Assim como não podemos manter nosso corpo orgânico em falta desses elementos, do mesmo modo não pôde o Espírito viver sem religião, pois é por intermédio desta que ele consegue unir-se á divindade e daí haurir as forças e a coragem necessárias para suportar com fé e resignação todas as peripécias por que tiver de passar no decorrer de suas existências planetárias.

Acorda, pois, oh! mocidade, que renasces mais otimista e com sentimentos mais espiritualizados!

Brande com destreza as armas da vontade, do querer e do saber, para, em lugar da discórdia, do ódio e do mal que inoculaste na humanidade de ontem, implantares hoje, sob o bafejo de uma transcendental ciência religiosa, qual o ESPIRITISMO, as sementes da paz, do bem e do amor!

E vós, também, oh! Pais e mães dessa mocidade, acordai, se ainda não acordastes! Ouvi, se ainda não ouvistes!

Sois vós que tendes o sagrado dever de iniciar no caminho evangélico, na senda da religião, esses seres que Deus vos entrega para servirdes de sentinelas mais direitas e vigilantes de seus progressos morais e intelectuais, na terra.
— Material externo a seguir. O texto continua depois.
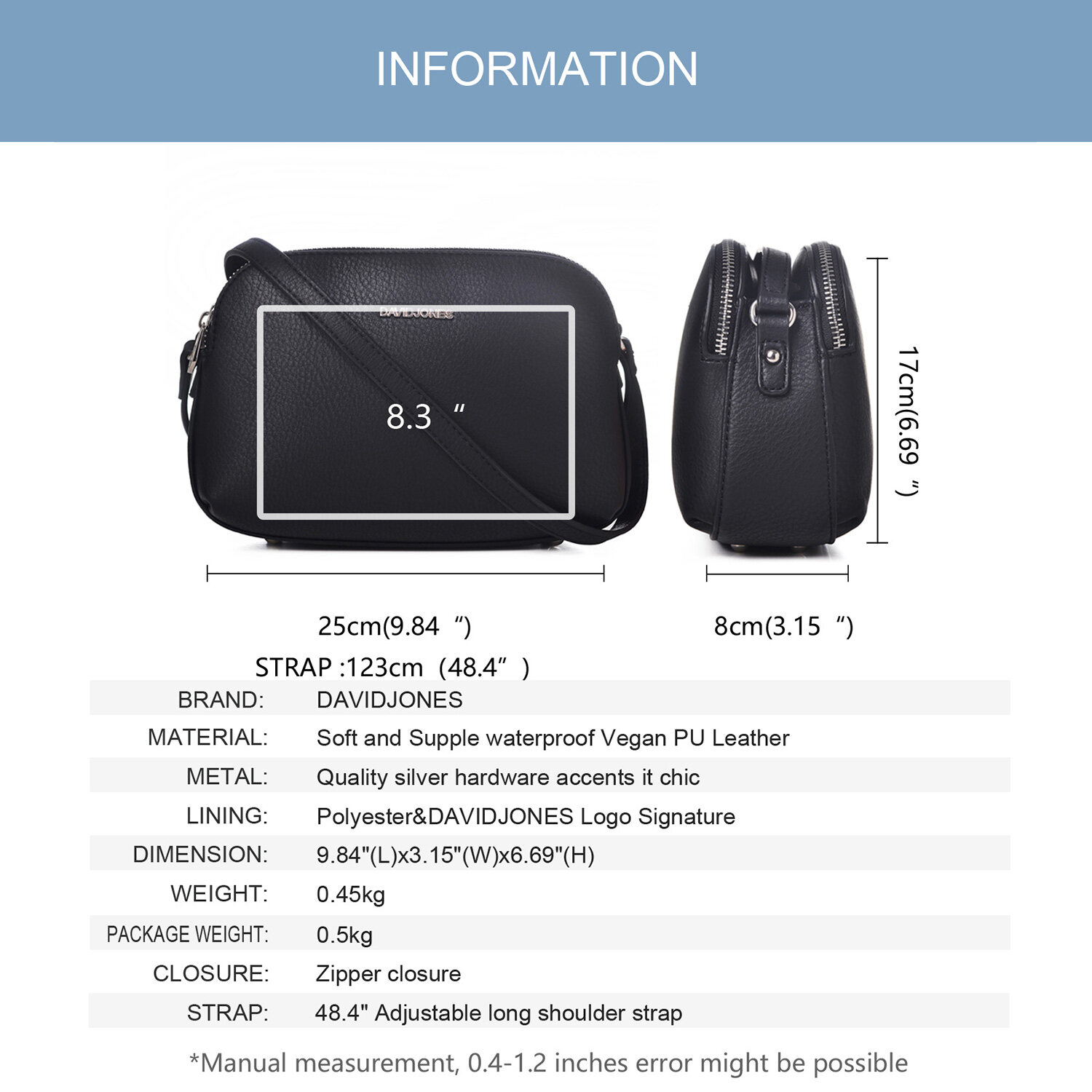 Long shoulder strap lengths: 123cm

E, para a educação religiosa desses vossos filhos, que serão amanhã os propugnadores da causa do Bem e da Verdade para implantação definitiva, na Terra, do reinado da Paz e do Amor, aí tendes os belíssimos ensinamentos cristãos que em toda parte do globo são ministrados sob égide da não menos bela e consoladora DOUTRINA ESPÍRITA, cujas fecundas sementes de fé, esperança e caridade, vão rapidamente germinando em cada coração sincero onde são lançadas.

Paes! Mães! Não vos descuideis de educação religiosa de vossos filhos!

Lembrai-vos sempre deste sábio conceito: “A criatura sem religião é barco sem roteiro”.